[Exercise input]
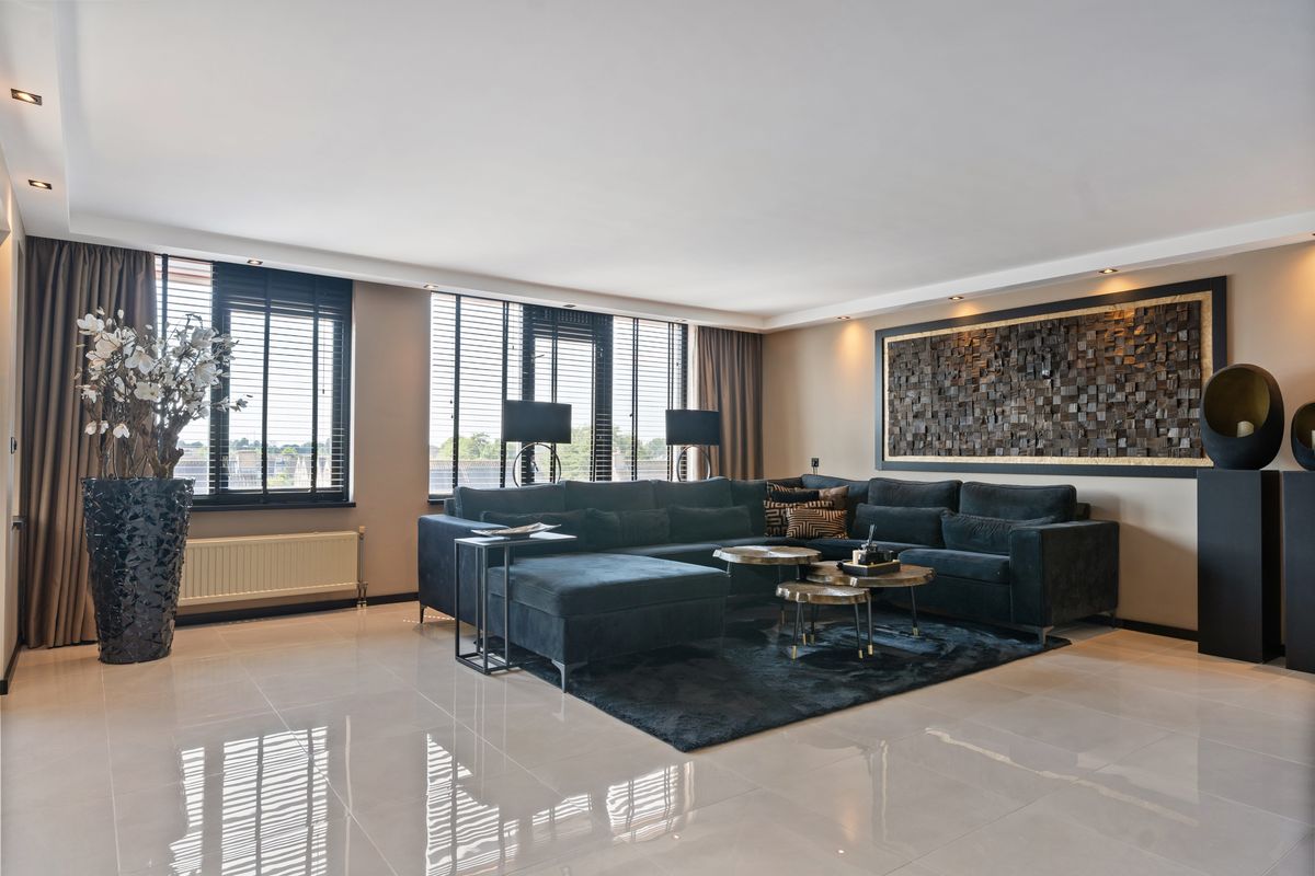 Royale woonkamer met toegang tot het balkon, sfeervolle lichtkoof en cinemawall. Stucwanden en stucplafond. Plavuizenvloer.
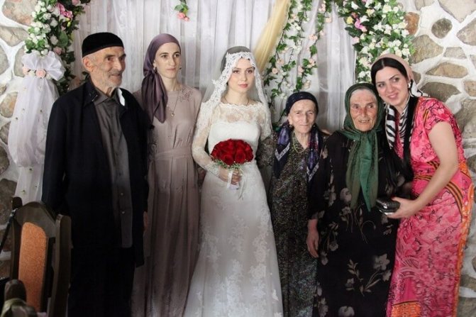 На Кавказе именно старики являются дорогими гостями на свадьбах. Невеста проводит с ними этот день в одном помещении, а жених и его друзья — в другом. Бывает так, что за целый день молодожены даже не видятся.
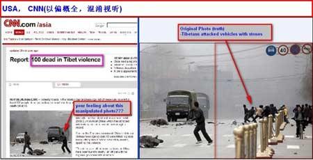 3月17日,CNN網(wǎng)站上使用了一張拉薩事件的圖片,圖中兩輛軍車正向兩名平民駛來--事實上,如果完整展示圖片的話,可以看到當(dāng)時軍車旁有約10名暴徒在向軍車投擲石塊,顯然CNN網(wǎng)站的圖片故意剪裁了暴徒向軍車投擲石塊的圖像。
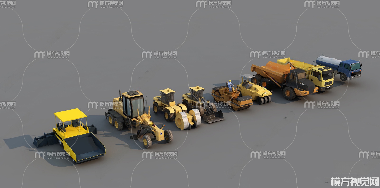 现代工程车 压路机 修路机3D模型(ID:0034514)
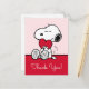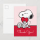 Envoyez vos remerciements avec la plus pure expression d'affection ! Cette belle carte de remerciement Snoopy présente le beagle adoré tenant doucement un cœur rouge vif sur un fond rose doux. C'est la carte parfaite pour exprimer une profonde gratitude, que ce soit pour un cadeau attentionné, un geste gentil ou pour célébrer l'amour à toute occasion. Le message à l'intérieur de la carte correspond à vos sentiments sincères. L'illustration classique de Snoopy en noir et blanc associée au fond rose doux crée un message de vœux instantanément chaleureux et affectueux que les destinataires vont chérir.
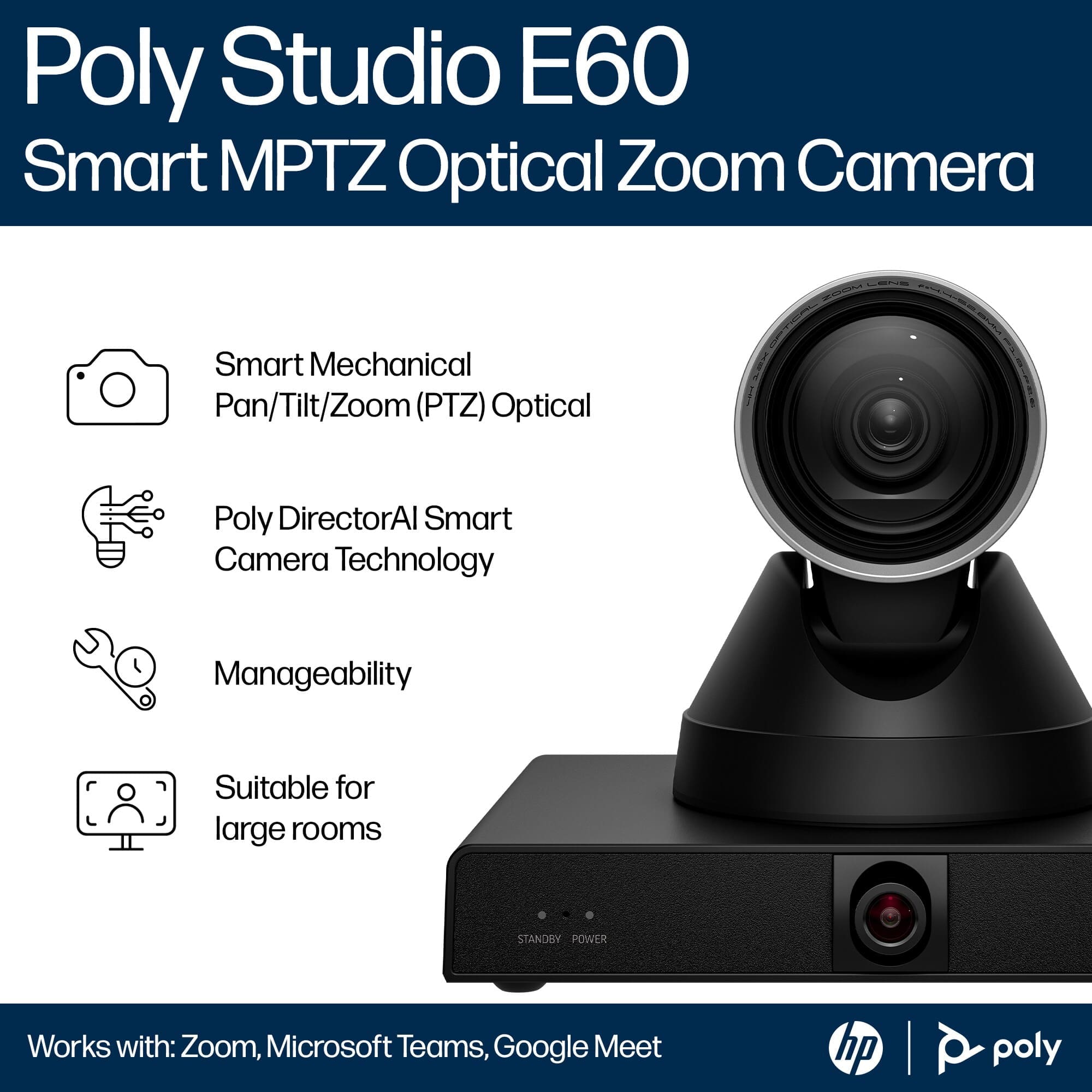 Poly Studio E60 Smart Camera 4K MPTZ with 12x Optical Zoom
[/Exercise input]
Please return the full listing exactly as given, with the images left out.

 Royale woonkamer met toegang tot het balkon, sfeervolle lichtkoof en cinemawall. Stucwanden en stucplafond. Plavuizenvloer.
 На Кавказе именно старики являются дорогими гостями на свадьбах. Невеста проводит с ними этот день в одном помещении, а жених и его друзья — в другом. Бывает так, что за целый день молодожены даже не видятся.
 3月17日,CNN網(wǎng)站上使用了一張拉薩事件的圖片,圖中兩輛軍車正向兩名平民駛來--事實上,如果完整展示圖片的話,可以看到當(dāng)時軍車旁有約10名暴徒在向軍車投擲石塊,顯然CNN網(wǎng)站的圖片故意剪裁了暴徒向軍車投擲石塊的圖像。
 现代工程车 压路机 修路机3D模型(ID:0034514)
 Envoyez vos remerciements avec la plus pure expression d'affection ! Cette belle carte de remerciement Snoopy présente le beagle adoré tenant doucement un cœur rouge vif sur un fond rose doux. C'est la carte parfaite pour exprimer une profonde gratitude, que ce soit pour un cadeau attentionné, un geste gentil ou pour célébrer l'amour à toute occasion. Le message à l'intérieur de la carte correspond à vos sentiments sincères. L'illustration classique de Snoopy en noir et blanc associée au fond rose doux crée un message de vœux instantanément chaleureux et affectueux que les destinataires vont chérir.
 Poly Studio E60 Smart Camera 4K MPTZ with 12x Optical Zoom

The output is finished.